TEMPO.CO, Jakarta - Indonesia Corruption Watch (ICW) mempertanyakan keputusan Bawaslu yang mengabulkan permohonan sengketa pencalonan mantan napi korupsi yang dinyatakan tidak memenuhi syarat oleh Komisi Pemilihan Umum (KPU).
Baca: Caleg Eks Koruptor Lolos, Bawaslu Dinilai Rusak Kualitas Pemilu
"Keputusan ini tidak hanya melukai impian kami mempunyai legislatif yang lebih bersih tetapi juga membuat kami bertanya-tanya. Ada apa dengan Bawaslu?," ujar Divisi Korupsi Politik Indonesia Corruption Watch, Almas Sjafrina saat dihubungi Tempo pada Jumat, 31 Agustus 2018.
Sejak awal, KPU dan Bawaslu memang berbeda pendapat soal Peraturan KPU Nomor 20 Tahun 2018 tentang larangan eks napi korupsi jadi caleg. Sejumlah pihak juga mengkritik langkah KPU yang mengeluarkan peraturan larangan eks napi koruptor jadi caleg tersebut.
Baca: KPU Minta Bawaslu Koreksi Putusan Loloskan Caleg Eks Koruptor
Perdebatan itu berujung pada kesepakatan pimpinan empat lembaga negara yakni, Bawaslu, KPU, Kementerian Dalam Negeri, dan Kementerian Hukum dan HAM untuk memberikan kesempatan kepada semua pihak mendaftar menjadi calon legislatif di semua tingkatan melalui partai politik-nya masing-masing.

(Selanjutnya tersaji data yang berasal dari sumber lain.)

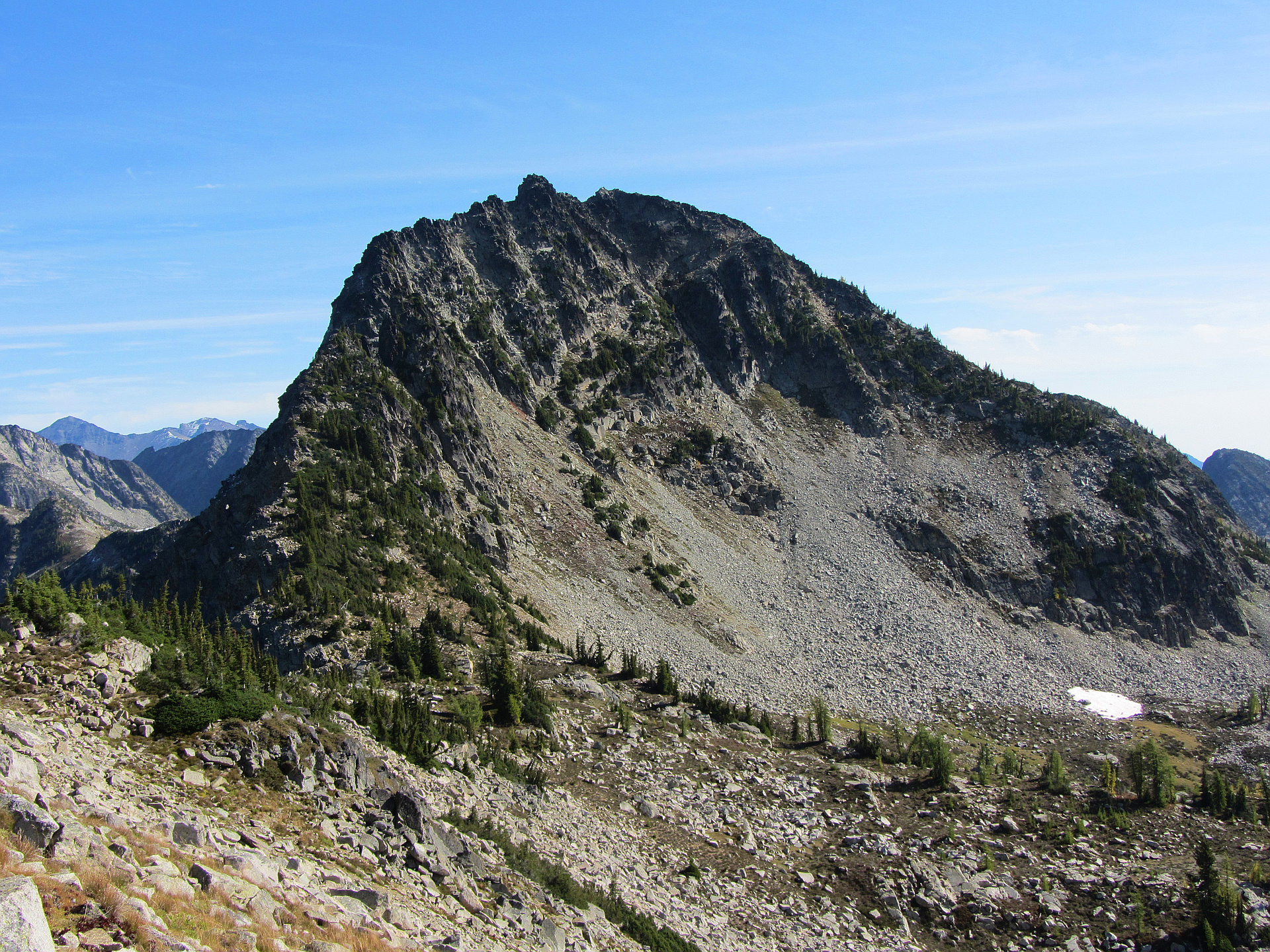 "A tough solo. Not seeing a single person out here all day added a level of mental intensity. Booked it up the never-ending switchbacks and meadows and made it to the old Stiletto Lookout in 2 hours. Although forecast to be sunny all day, some clouds started forming in the distant west. They didn't look that menacing so I decided to press on to the summit. My plan had been to scramble up the west ridge to the summit of Stiletto (shown in the main peak photo), but I couldn't pick out a completely obvious route so instead decided to descend to the south face which looked more gradual. Turns out it wasn't that gradual and was a total beat-down: a scramble up loose talus and scree up a series of gullies requiring serious concentration. Cresting a final loose dirt/scree gully, I popped up on top and was relieved to find I had stumbled onto the true summit (note: it's not the point that looks highest from the Lookout, it's to the right of that). But after only a minute on top, I felt raindrops and the entire western sky had grown dark -- time to get outta there. Down-climbing the scree slopes was tedious and energy-sapping, but I couldn't allow myself to rest; winds were picking up and th..." — scott • Sep 30, 2011

Namun, sambil menunggu verifikasi, caleg bisa melakukan uji materi di Mahkamah Agung.
Menurut Almas, Bawaslu harus mengacu kepada PKPU dan kesepakatan tersebut. "Bawaslu seharusnya tidak potong kompas dan menarik simpulan sendiri. Sebab, koreksi atas PKPU bukan ranah dan wewenang Bawaslu," ujar Almas. "Sedangkan, hingga saat ini, belum ada putusan MA yang menyebutkan Peraturan KPU bertentangan dengan undang-undang."